10 Must Reads for the CRE Industry Today (September 13, 2016)

10 Must Reads for the CRE Industry Today (September 13, 2016)


  1. Capital, Shipping Flows Likely to Buoy Development in U.S. Southeast “Although the Federal Reserve Board is expected to raise interest rates, many macroeconomic trends continue to favor U.S. commercial real estate as an asset class, Jimmy Hinton, a managing director of research at Holliday Fenoglio Fowler—a large provider of commercial real estate and capital markets services to the U.S. commercial real estate industry—told attendees at a ULI South Carolina capital markets conference held on Kiawah Island in September.” (Urban Land Magazine)
  2. Pay Rises for Local REIT Bosses “Rising rents and occupancies boosted the fortunes of local real estate investment trusts last year—and of their top brass, too.
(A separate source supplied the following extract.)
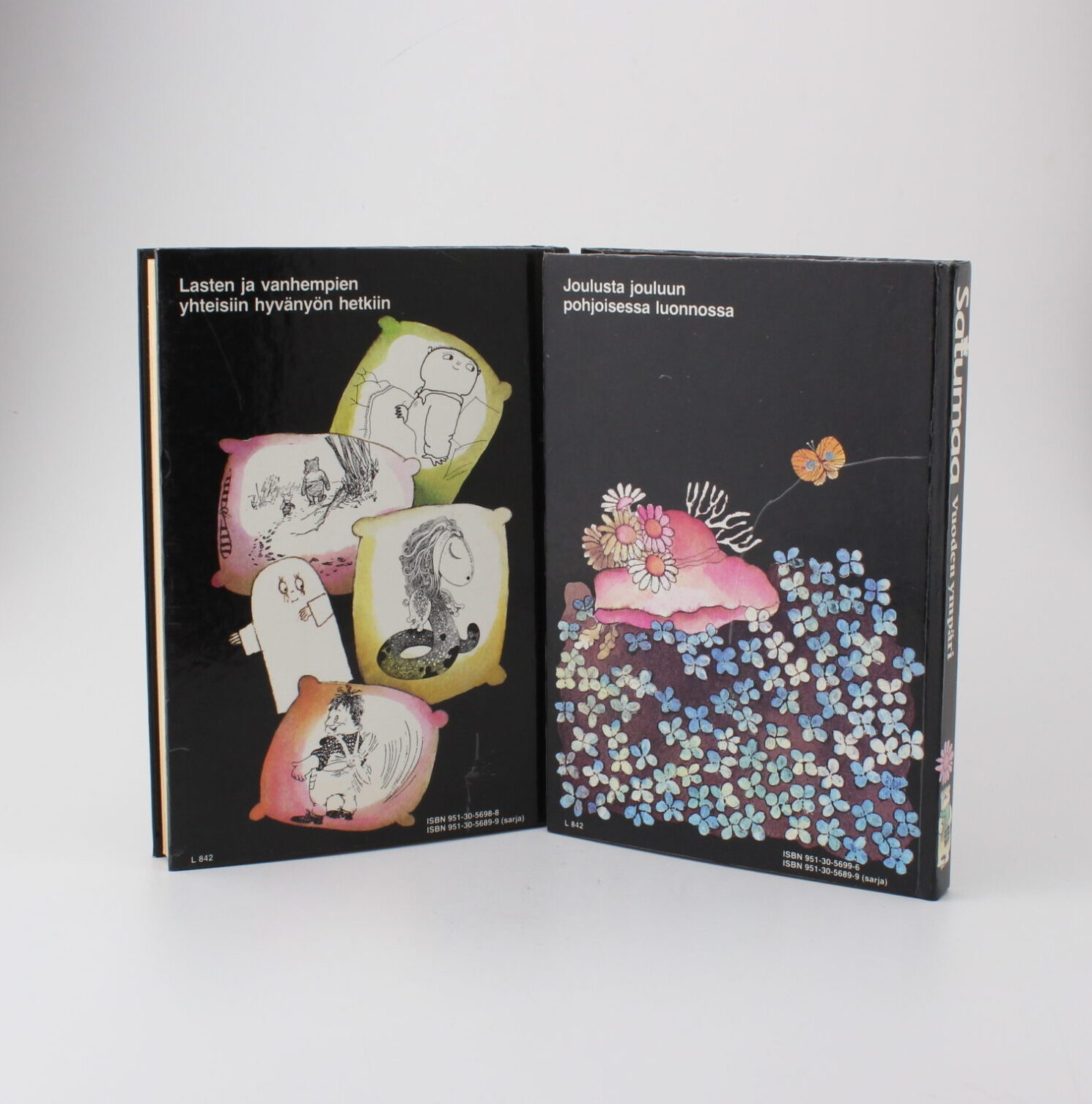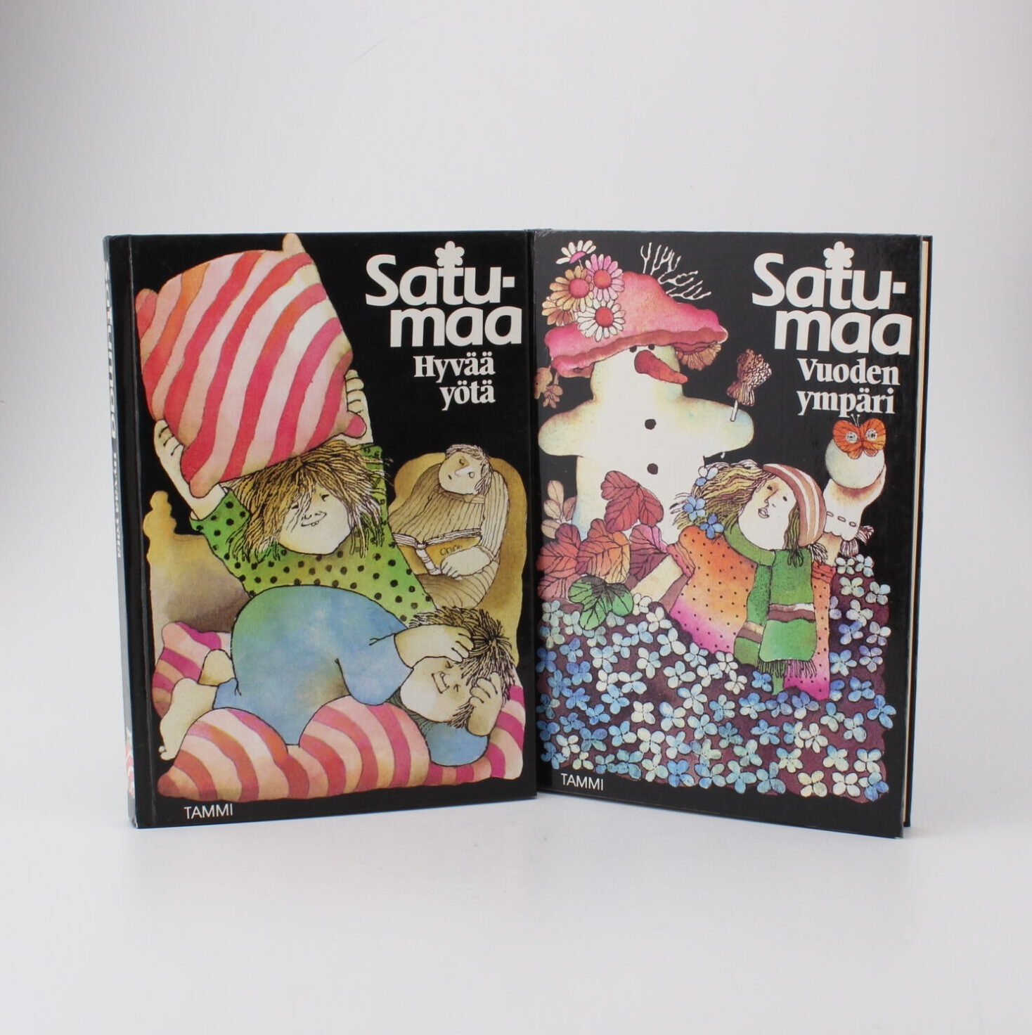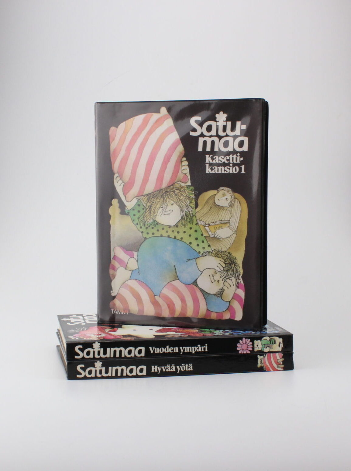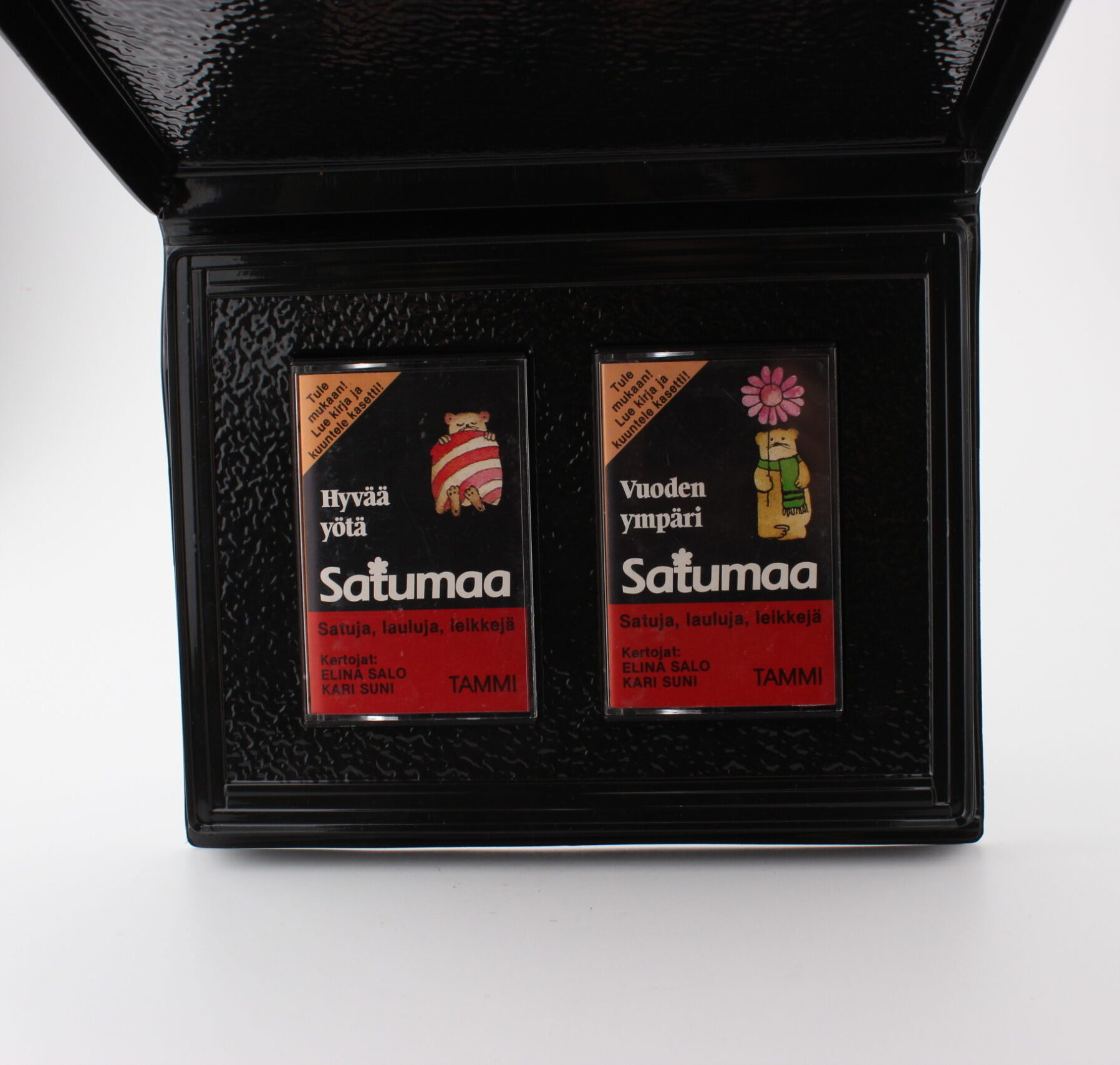 Satumaa kirjat Hyvää yötä ja Vuoden ympäri sekä samojen kirjojen äänikirja kasetit. Voi siis seurata kirjaa samalla kun kuulet tarinan kasetilta.

Six of eight Chicago-area REIT CEO's took home bigger paychecks in 2015 than they did a year earlier, according to company proxy statements. The king of the hill by far: Sandeep Mathrani, CEO of General Growth Properties, whose total compensation jumped eightfold, to $39.2 million, from 2014. Mathrani, 54, was not only the highest-paid local REIT executive last year, but he was also the highest-paid REIT CEO in the entire country.” (Chicago Real Estate Daily)
  3. Bubbles, Credit and Their Consequences “The collapse of an asset price bubble usually creates a great deal of economic disruption. But bubbles are hard to anticipate and costly to deflate. As a result, policymakers struggle to determine how they should respond, if at all. Evaluating the economic costs of past equity and real estate bubbles—with particular attention to how much credit grew during boom phases—can provide valuable insights for this debate. A recent study finds that equity bubbles are relatively benign. More danger comes from housing bubbles in which credit grows rapidly.” (Federal Reserve Bank of San Francisco)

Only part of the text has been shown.